Pakistan

Map of Pakistan

*Perhaps the most famous anecdote in Pakistan is this: while most countries have an army*, in Pakistan the army has a country. Almost 60 years after its creation from the dying embers of British colonialism as a haven for the Muslims of the subcontinent – and a few months after the devastating earthquake in Kashmir that garnered worldwide sympathy – Pakistan’s most prominent feature is the monopoly of the army over state affairs and, indeed, over much of public life.

It would be easy to suggest that the army’s domination is essentially a legacy of British rule, yet neighbouring India has never once been subject to military rule. More accurately, the Pakistani state has carefully bred a tale of imminent takeover by India to justify inordinate expenditures on the army, while the institution itself has been celebrated as Pakistan’s saviour. On the other hand, politicians have been slandered from the very start; a segment of the intelligentsia even propagates the view that Pakistan’s genius is not suited to democracy.

In more recent times the army has become the most powerful corporate entity in the land, with a stake in a host of sectors ranging from road construction and real estate to aviation and agriculture. It is unofficially estimated that the army accounts for up to 30 per cent of national output. It has also become the country’s largest landowner, capturing the most valuable agricultural and residential lands. For the most part the propertied classes, including the landed élite and industrial magnates, remain content with a junior role in the army-led dispensation, but amongst ordinary people resentment has increased markedly in recent times, eroding the army’s mythical role as the nation’s saviour.

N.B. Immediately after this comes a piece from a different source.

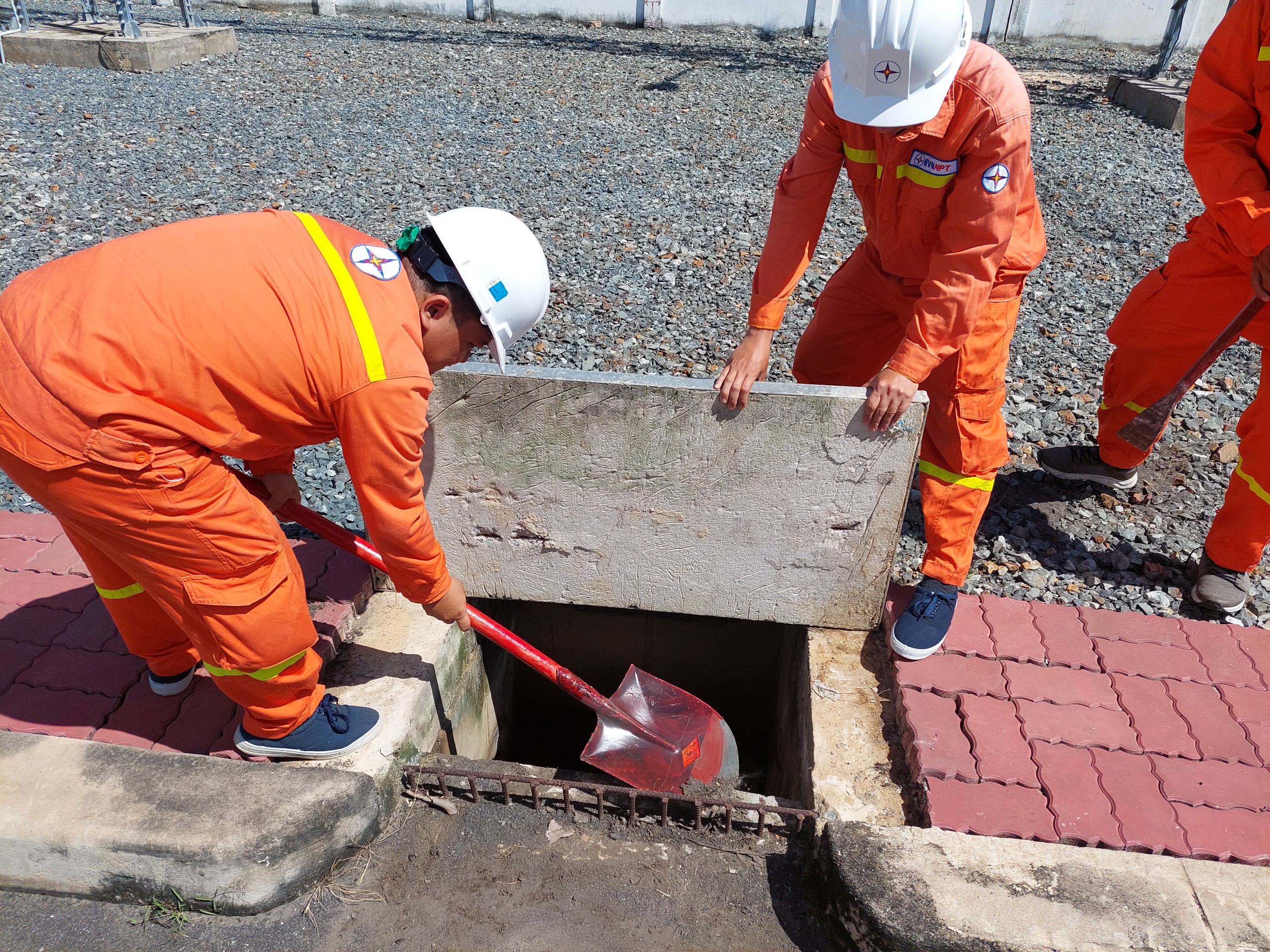 Nạo vét, khơi thông hố ga, mương cáp trong trạm.

Chris Stowers / Panos / www.panos.co.uk

Ethnic tensions have run high since the country’s creation, with the army and most of the civilian bureaucracy hailing from the Punjab and migrant Urdu-speakers; ethnicity remains the primary political idiom. The state cultivated militant Islamic groups to wage covert war in Afghanistan in the 1980s and in the disputed province of Kashmir since, but the present military government claims to have clamped down upon its own protégés. Indeed Pakistan has been celebrated by the US and its allies as a frontline state in the War on Terror, much as it was during the Afghan War in the 1980s. The army’s domination of the country is in no small measure attributable to the support of the US at every critical juncture of the Cold War and, more recently, after 11 September 2001. Too much is at stake for this to be seriously endangered even when US missiles hit a Pakistani village as they did in January.

Despite the claims, little has changed. The religious Right even runs the North Western Frontier provincial government, while the Government’s promises to repeal oppressive laws against religious minorities and women have proved to be hollow. Under the guise of devolving power, the Government has resorted to the age-old practice of patronizing local élites in the interest of maintaining power, thereby reinforcing a host of regressive social practices that discriminate against workers, women, minorities and other traditionally vulnerable groups.

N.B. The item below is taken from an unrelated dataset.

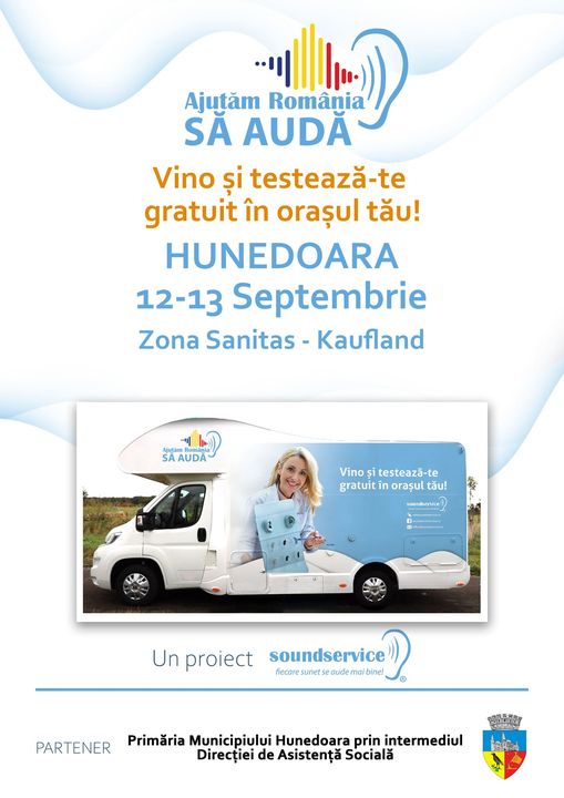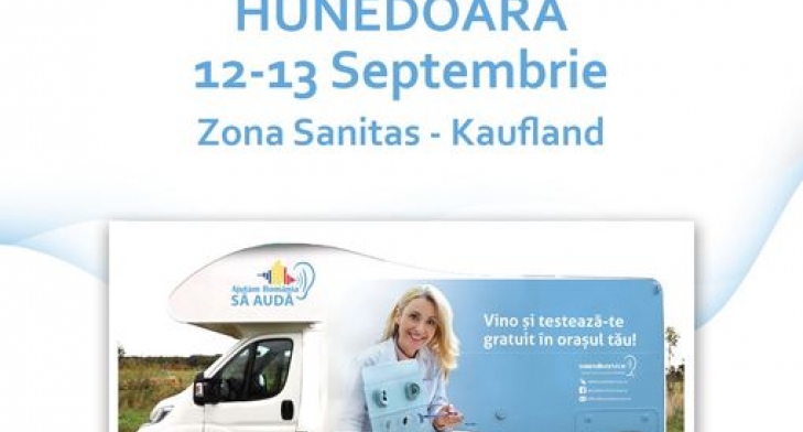 Pe 12 şi 13 septembrie, între orele 09.00 – 17.00, persoanele interesate pot beneficia de audiometrii gratuite în cadrul cabinetului mobil ce va fi amplasat pe zona pietonală Sanitas, spre parcarea Kaufland.

The Government also claims that it has rescued a sinking economy from impending collapse, and the international financial institutions (IFIs) back up this claim with stellar macroeconomic figures. However, much of the improvement is premised on huge inflows of aid, and standard IFI-backed adjustment policies have worsened the situation of ordinary Pakistanis. Inflation and unemployment are rife, while agriculture – the mainstay of 70 per cent of the population – continues to be subject to international market pressures and the tyranny of global agreements such as the WTO.

So for most Pakistanis it is more of the same. The army has succeeded in co-opting all mainstream political forces. Those who retain their principled opposition to the _status quo_ are still trying to generate the broad-based support necessary to challenge it.